[Stored items from a collection]:

-------------------------

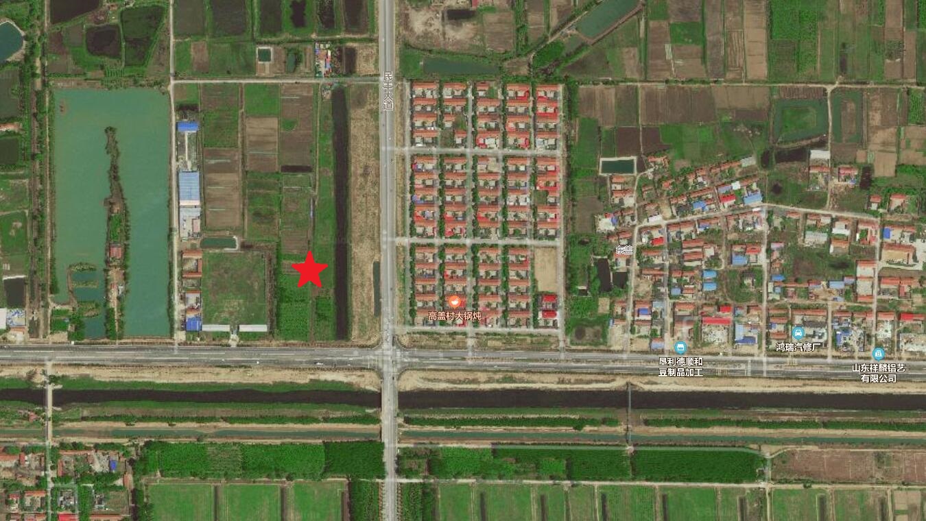 該項(xiàng)目距離東側(cè)民豐路路邊46m,該加油站位于東營市墾利區(qū)德州路與民豐路交叉口西北側(cè)。東側(cè)為民豐路,用地邊界距路邊46m,路東距用地邊界約100m處為高蓋村(人口約800人),其村內(nèi)幼兒園距站區(qū)邊界約720m。南側(cè)為德州路,用地邊界距路邊8.5m,路南為空地。西南方向約400m處為王營村。西側(cè)為樹林,北側(cè)為空地。 |
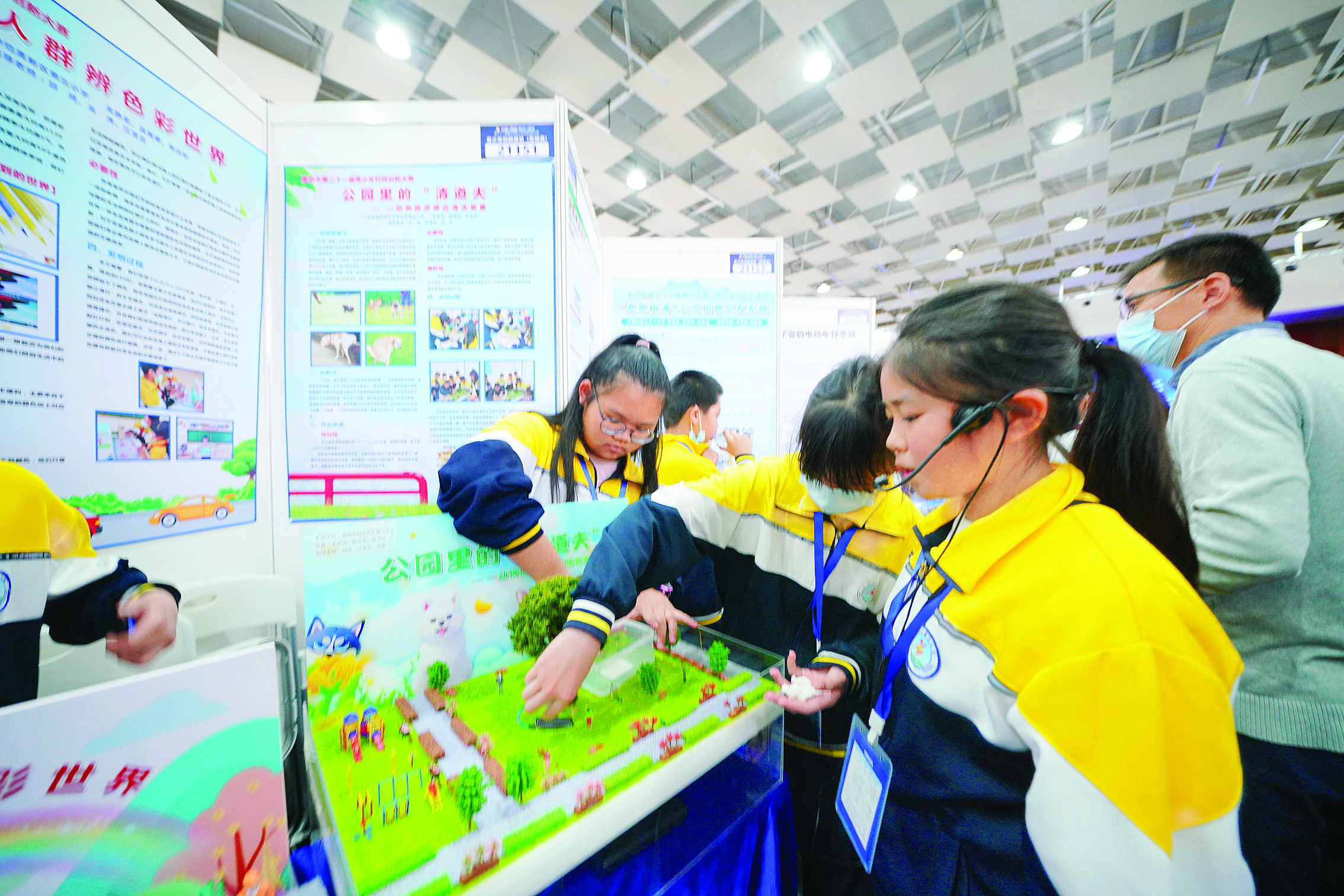 據(jù)了解,本次大賽分為青少年和科技輔導(dǎo)員兩大板塊,包括科技創(chuàng)新項(xiàng)目發(fā)明類、科技創(chuàng)新項(xiàng)目論文類、科技輔導(dǎo)員科教制作類等。在項(xiàng)目成果展示區(qū),參賽師生們紛紛秀出看家本領(lǐng),展示自己的科技創(chuàng)新成果、奇思妙想的實(shí)驗(yàn)裝置等,讓參觀者大開眼界。
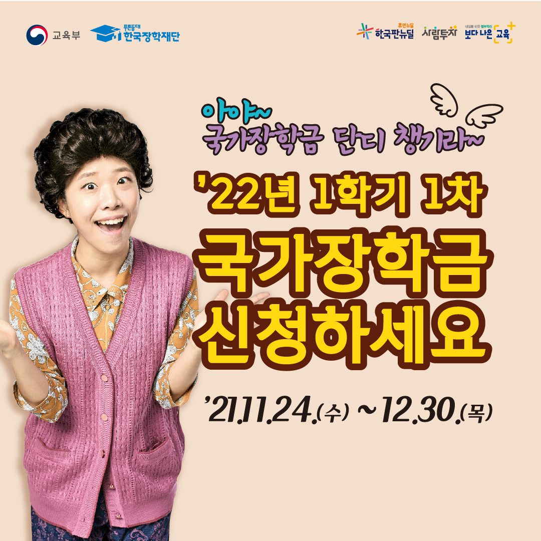 2022학년도 1학기 1차 국가장학금 신청 관련 사항을 아래와 같이 안내하오니, 기한 내에 신청해주시기 바랍니다. ㅇ (신청기간) 2021.11.24.(수) 9시 ~ 2021.12.30.(목) 18시(총 37일간) ㅇ (서류 제출 및 가구원 동의) 2021.11.24.(수) ~ 2022.1. 4.(화)18시 ㅇ (신청대상) 재학생,신입생(고3,재수생 등 입학예정자),편입생,재입학생,복학생 등 모든 대학생 ※ 재학생은 등록금 고지서 상 우선감면을 위해 1차 신청이 원칙이며, 2차 신청자는 재학 중 2회에 한하여 구제신청 자동 적용 및 심사 후 지원 가능 (구제신청 적용 여부 선택 불가) ※ 국가근로장학금 신청 희망자는 국가장학금 신청시, 국가근로장학금 항목 체크하여 동시 신청(일반공지 1736번 게시글 참고) ※ 신청 전 준비사항 : 본인 명의 전자서명수단[공동인증서 또는 금융인증서, 민간인증서(카카오톡, 이동통신PASS, KB국민은행, PAYCO, 삼성PASS)] 준비 및 계좌번호 확인, 부모님의 주민번호 확인 및 전자서명수단(기혼자는 배우자의 주민번호 및 전자서명수단) 준비 ※ 국가장학금 신청 및 서류확인(서류제출은 대상자에 한함), 가구원 동의 모두가 반드시 완료되어야 2022년 1학기 국가장학금 수혜가 가능합니다.
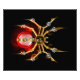 Aranha mecânica steampunk com engrenagens de ouro, latão e uma lâmpada de vidro vermelho em um fundo preto. Estilo steampunk.
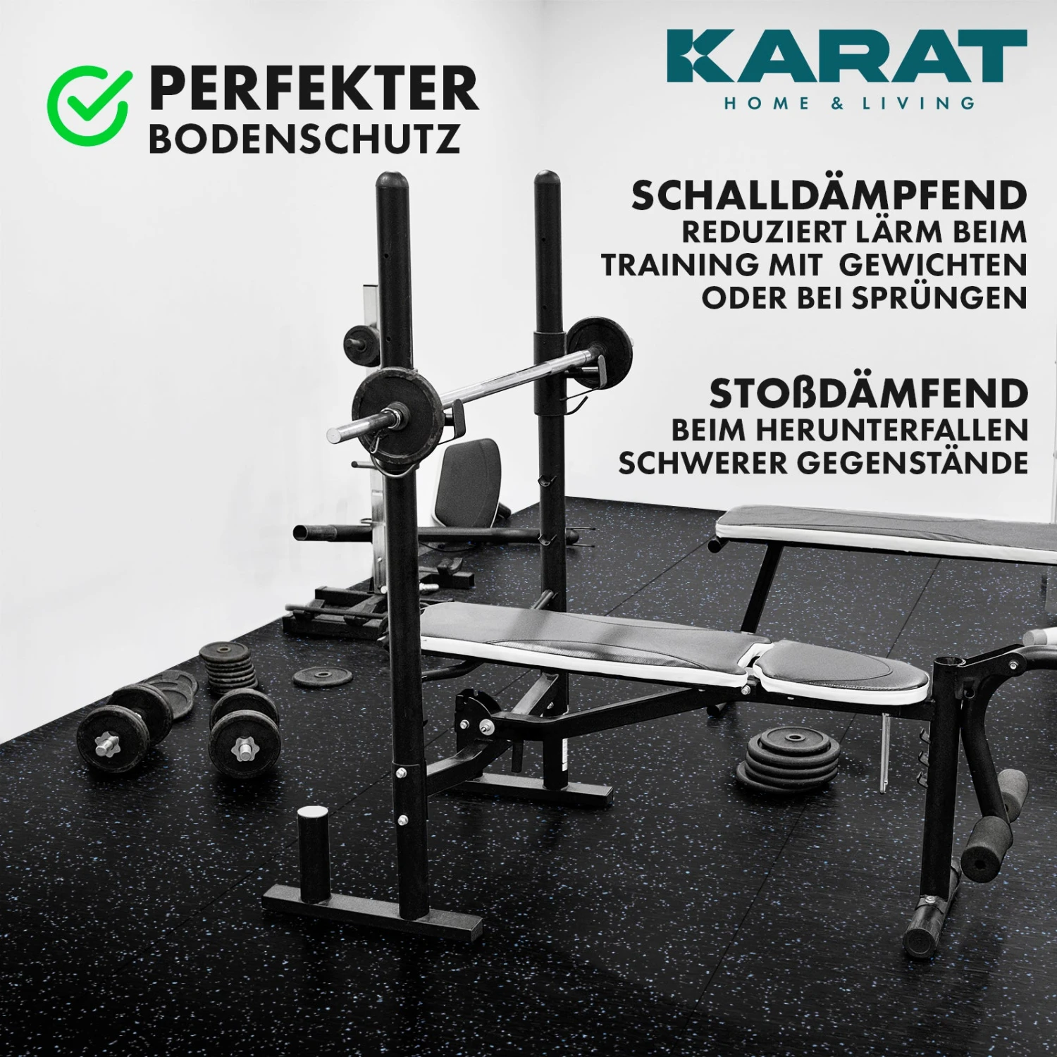 Entdecken Sie die ultimative Lösung für Ihren Fitnessraum, Keller oder Ihre Garage mit unserer maßgefertigten Gymnastikmatte, der perfekten Bodenschutzmatte für all Ihre Trainingsbedürfnisse!
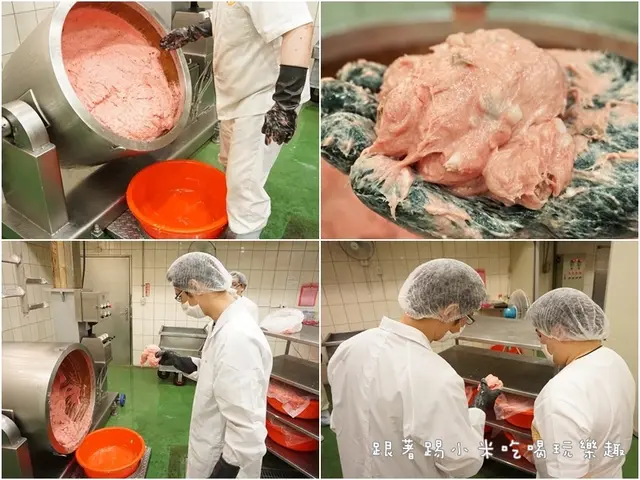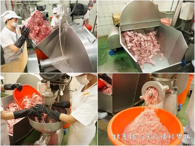 聽廠長說他們摃丸製作很簡單, 就是使用屠宰場現殺處理後快速冷凍豬肉切片.絞肉.加入調味料豬油香菇打成肉漿.再擠摃丸煮熟.機器X光機檢查摃丸.包裝進入冷凍庫~ 所以並沒有加入其他成份來降低豬肉比例, 難怪吃起來口感是有肉汁彈牙 以下是機台先將豬肉塊切片再進行絞肉. <<大家可以先看影片整個過程全記錄>>
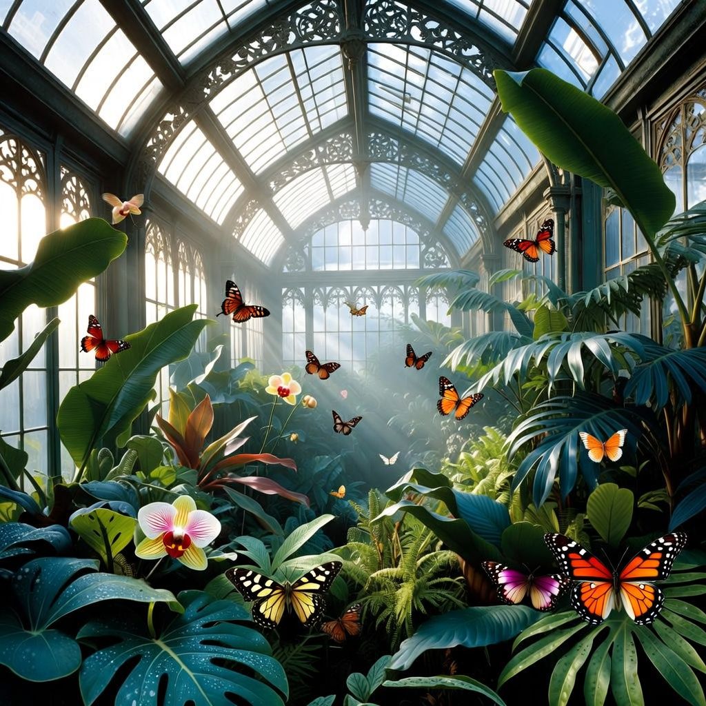 Text-to-Image“Hyper-photorealistic interior of a lush Victorian glass greenhouse filled with exotic tropical plants, vibrant blooming orchids, tall ferns, colorful butterflies in flight, sunlight filtering through ornate glass roof creating realistic caustics and dew on leaves, intricate iron framework visible, misty atmosphere, 8K masterpiece.”

-------------------------

[WHAT YOU NEED TO DO]: Leaving the pictures aside, give back all the records exactly as they are.

[SOLUTION TO THE EXERCISE]:
 該項(xiàng)目距離東側(cè)民豐路路邊46m,該加油站位于東營市墾利區(qū)德州路與民豐路交叉口西北側(cè)。東側(cè)為民豐路,用地邊界距路邊46m,路東距用地邊界約100m處為高蓋村(人口約800人),其村內(nèi)幼兒園距站區(qū)邊界約720m。南側(cè)為德州路,用地邊界距路邊8.5m,路南為空地。西南方向約400m處為王營村。西側(cè)為樹林,北側(cè)為空地。 |
 據(jù)了解,本次大賽分為青少年和科技輔導(dǎo)員兩大板塊,包括科技創(chuàng)新項(xiàng)目發(fā)明類、科技創(chuàng)新項(xiàng)目論文類、科技輔導(dǎo)員科教制作類等。在項(xiàng)目成果展示區(qū),參賽師生們紛紛秀出看家本領(lǐng),展示自己的科技創(chuàng)新成果、奇思妙想的實(shí)驗(yàn)裝置等,讓參觀者大開眼界。
 2022학년도 1학기 1차 국가장학금 신청 관련 사항을 아래와 같이 안내하오니, 기한 내에 신청해주시기 바랍니다. ㅇ (신청기간) 2021.11.24.(수) 9시 ~ 2021.12.30.(목) 18시(총 37일간) ㅇ (서류 제출 및 가구원 동의) 2021.11.24.(수) ~ 2022.1. 4.(화)18시 ㅇ (신청대상) 재학생,신입생(고3,재수생 등 입학예정자),편입생,재입학생,복학생 등 모든 대학생 ※ 재학생은 등록금 고지서 상 우선감면을 위해 1차 신청이 원칙이며, 2차 신청자는 재학 중 2회에 한하여 구제신청 자동 적용 및 심사 후 지원 가능 (구제신청 적용 여부 선택 불가) ※ 국가근로장학금 신청 희망자는 국가장학금 신청시, 국가근로장학금 항목 체크하여 동시 신청(일반공지 1736번 게시글 참고) ※ 신청 전 준비사항 : 본인 명의 전자서명수단[공동인증서 또는 금융인증서, 민간인증서(카카오톡, 이동통신PASS, KB국민은행, PAYCO, 삼성PASS)] 준비 및 계좌번호 확인, 부모님의 주민번호 확인 및 전자서명수단(기혼자는 배우자의 주민번호 및 전자서명수단) 준비 ※ 국가장학금 신청 및 서류확인(서류제출은 대상자에 한함), 가구원 동의 모두가 반드시 완료되어야 2022년 1학기 국가장학금 수혜가 가능합니다.
 Aranha mecânica steampunk com engrenagens de ouro, latão e uma lâmpada de vidro vermelho em um fundo preto. Estilo steampunk.
 Entdecken Sie die ultimative Lösung für Ihren Fitnessraum, Keller oder Ihre Garage mit unserer maßgefertigten Gymnastikmatte, der perfekten Bodenschutzmatte für all Ihre Trainingsbedürfnisse!
 聽廠長說他們摃丸製作很簡單, 就是使用屠宰場現殺處理後快速冷凍豬肉切片.絞肉.加入調味料豬油香菇打成肉漿.再擠摃丸煮熟.機器X光機檢查摃丸.包裝進入冷凍庫~ 所以並沒有加入其他成份來降低豬肉比例, 難怪吃起來口感是有肉汁彈牙 以下是機台先將豬肉塊切片再進行絞肉. <<大家可以先看影片整個過程全記錄>>
 Text-to-Image“Hyper-photorealistic interior of a lush Victorian glass greenhouse filled with exotic tropical plants, vibrant blooming orchids, tall ferns, colorful butterflies in flight, sunlight filtering through ornate glass roof creating realistic caustics and dew on leaves, intricate iron framework visible, misty atmosphere, 8K masterpiece.”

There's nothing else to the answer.